DESCRIPTION OF THE TASK ▸ Below are the entries. Print only the lines starting at the one with "このメンズ ブレスレットは、" and ending at the one with "父亲身亡获56万赔偿,姑父喊", exactly, with no pictures.

INFORMATION PROVIDED ▸
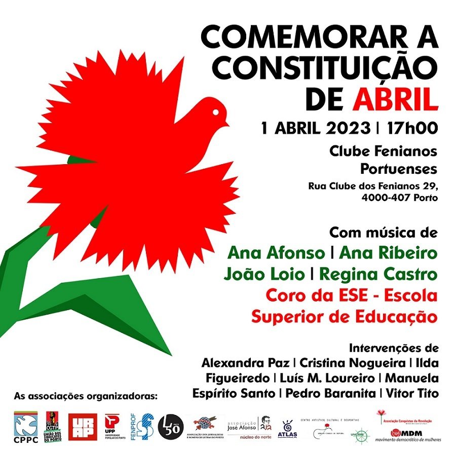 As associações e colectividades signatárias do documento «Defender os valores de Abril! Por ocasião do 47.º aniversário da Constituição da República Portuguesa» convidam toda a gente participar na iniciativa, no salão nobre do Clube Fenianos Portuenses, que definem como «uma afirmação de apoio e confiança nos valores de Abril, contra a guerra e na defesa da Paz».
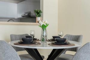Im Apartment finden Gäste ein Schlafzimmer mit schallisolierten Wänden und einem Flachbildfernseher vor. Die voll ausgestattete Küche umfasst moderne Annehmlichkeiten wie Backofen, Mikrowelle, Kühlschrank, Toaster, Wasserkocher sowie Küchenutensilien. Weitere Ausstattungsmerkmale sind Waschmaschine, Bügeleisen mit Bügelbrett, Kleiderschrank, Wäscheständer sowie Bettwäsche und Handtücher.
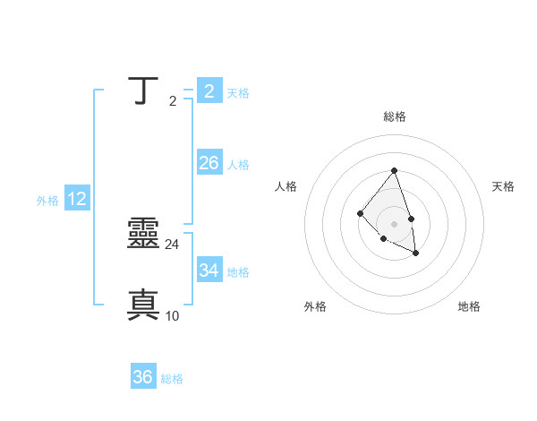 丁 靈真さんの総格は36画の3点!
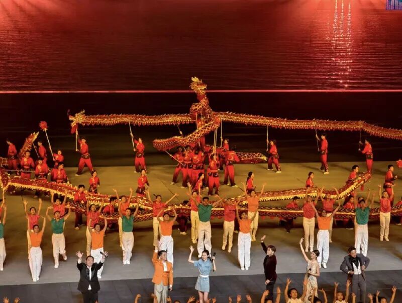福海街道和平社区舞龙队是一支地地道道的社区队,无全职队员却凭借坚持,从社区广场舞走向国际舞台,2023年成为宝安区非遗项目后,此次与4所学校52名学生组成的宝安龙狮队合作,在《龙的传人》表演中,以18米长龙同步腾跃的高难度动作,展现非遗传承活力。
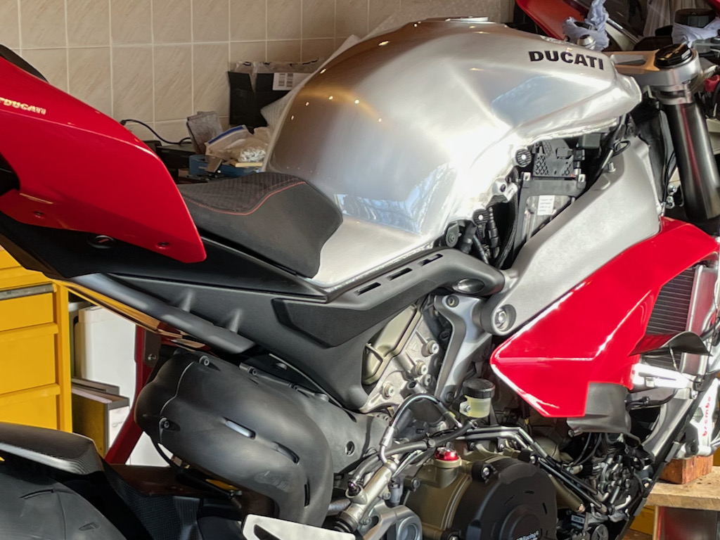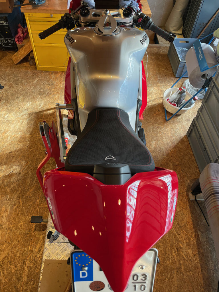 Der Tank wird montiert, alle Leitungen wieder angeschlossen und der Tankdeckel verschraubt. Probehalber bringe ich auch die neue DP Performance Sitzbank an.
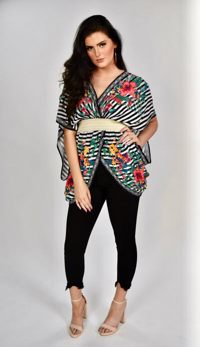 PSS-B {Dream Date} Black Floral Striped Top Elastic Waistband
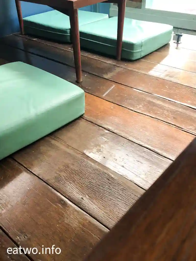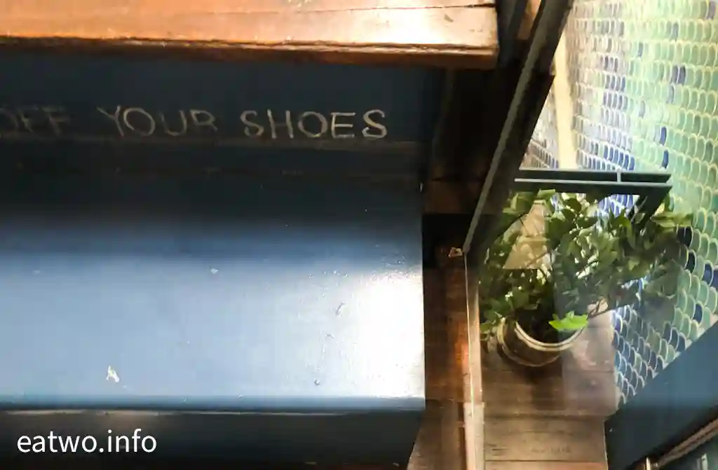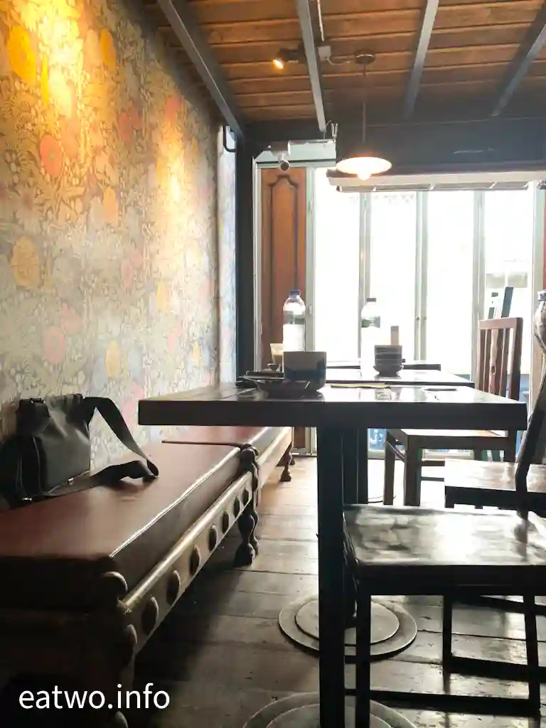店舖下層大部份位置為廚房及收銀處,只需先點餐及付款,然後就可以登上2樓用餐區。而樓上有正常座位區,亦有需要脫鞋嘅座位區,盡頭更有一個小型露台,可以俯視街景,但就未能從該小巷望到對岸鄭王廟。
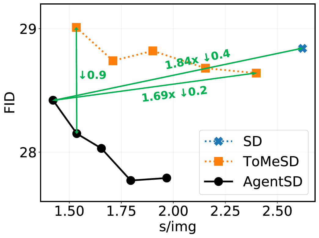 3. 创新性地以一种无需训练的方式将代理注意力应用于 Stable Diffusion 模型,显著提升生成速度并提高图片质量,为扩散模型的加速和优化提供了有效的新研究思路。
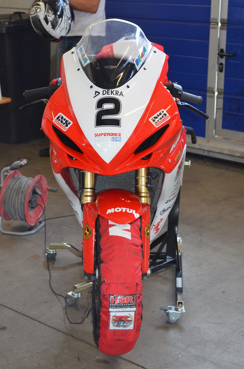 Normalerweise kämpfe ich dieses Jahr in der Superbike*IDM gegen die Überrundung. Umso mehr freute ich mich, das erste Mal nach 15 Jahren Rennsport auf eine 750er zu steigen und mit teils alten Bekannten die Strecke zu umkreisen. Meine Erwartungen waren recht gering, auch wenn Andere sicherlich Anderes erwarten. Aber auf einer geliehenen mir völlig unbekannten Maschine sind sicher keine Heldentaten zu erwarten, v.a. da Oschersleben alles andere als meine Lieblingsstrecke ist. Mir ging es auch primär darum Erfahrungen zu sammeln und auf das „Drum herum“ zu achten, um meinen Lesern einen Einblick in den Suzuki GSX-R 750 Cup zu verschaffen.
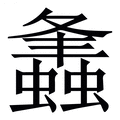, 拼音为páng, 笔画为21画, 部首为虫, unicode编码27527, 汉语字典解释:,同【蠭】。
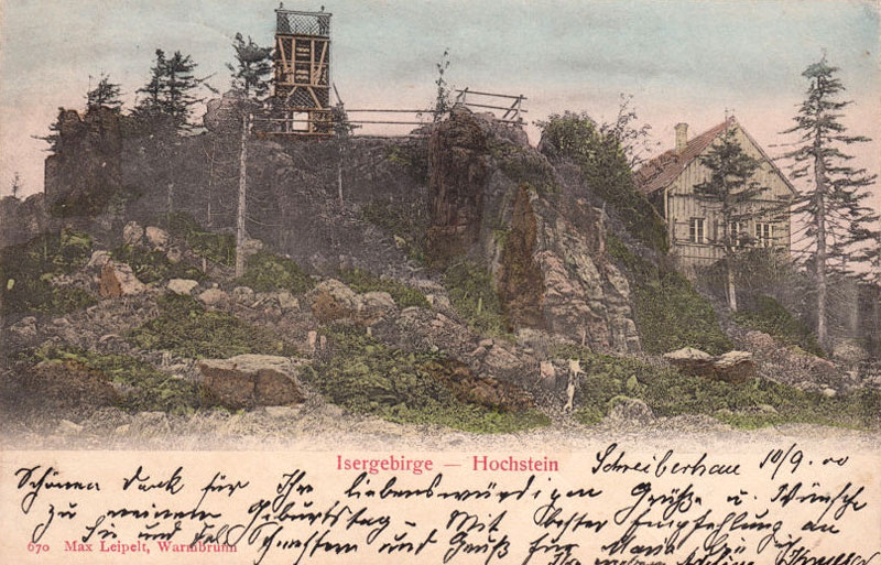 Wysoki KamieńSudeckie ABCWieże widokoweSudety polskieGóry i Pogórze IzerskieWysoki KamieńLata 1895-1903; źródło: fotopolska.euLata 1898-1902; źródło: fotopolska.euLata 1905-1908; źródło: fotopolska.eu kota: 1058 m fundator: ? konstrukcja: drewniana wysokość: ? otwarta: 1882 r. zniszczona: po 1945 r.
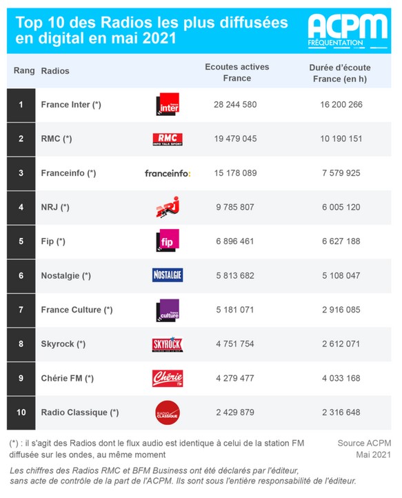 ACPM : classement des radios digitales pour le mois de mai
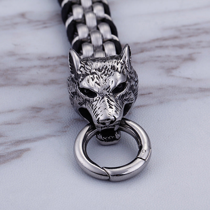 このメンズ ブレスレットは、どんな装いにもぴったりです。編組チェーンはチタン鋼でできており、一生使えるように設計されています。二匹のオオカミの頭のデザインは、男性の注意を引く最後の仕上げです。また、軽量で快適です。
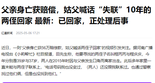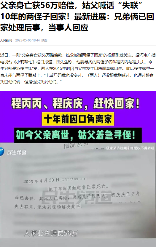 父亲身亡获56万赔偿,姑父喊话“失联”10年的两侄子回家!最新进展:兄弟俩已回家处理后事,当事人回应
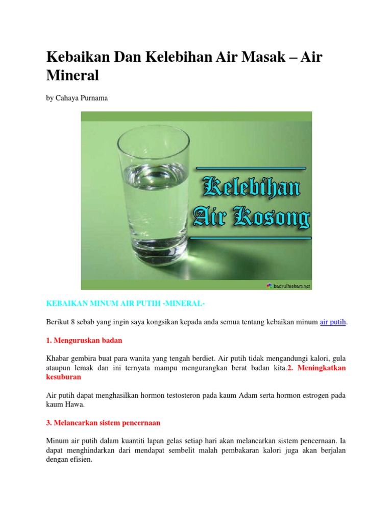 Kelebihan Minum Air Kosong Dunia Islam from p2u.me Air distilasi merupakan salah satu jenis air minum dalam kemasan yang berkualitas sangat baik dan memiliki beragam manfaat bagi tubuh. Ramai yang beranggapan minum air dalam kuantiti yang lebih banyak adalah lebih baik untuk badan mereka. Air kosong tidak mengandungi sebarang kalori bahkan tidak memberikan tenaga. Tips diet dengan air putih biar berat badan cepat turun 5 sebab minum air masak bantu cepat kuruskan badan diary of muhammad. Malah, mereka yang gemar minum air kosong juga kurang rasa mengidam untuk makan makanan tertentu. Apalagi, test ilmiah telah membuktikan sakit kepala, sakit badan, system jantung, arthritis, detak jantung cepat, epilepsi, kelebihan berat badan, asma bronchitis, tbc, meningitis. Banyak testimoni tentang kelebihan minum air dapat mengembalikan kecantikan sehingga menampakkan wajah 10 tahun lebih muda berbanding. Haa, banyak dak kelebihan minum ayaq kosong.

COMPLETED EXERCISE ▸
 このメンズ ブレスレットは、どんな装いにもぴったりです。編組チェーンはチタン鋼でできており、一生使えるように設計されています。二匹のオオカミの頭のデザインは、男性の注意を引く最後の仕上げです。また、軽量で快適です。
 父亲身亡获56万赔偿,姑父喊话“失联”10年的两侄子回家!最新进展:兄弟俩已回家处理后事,当事人回应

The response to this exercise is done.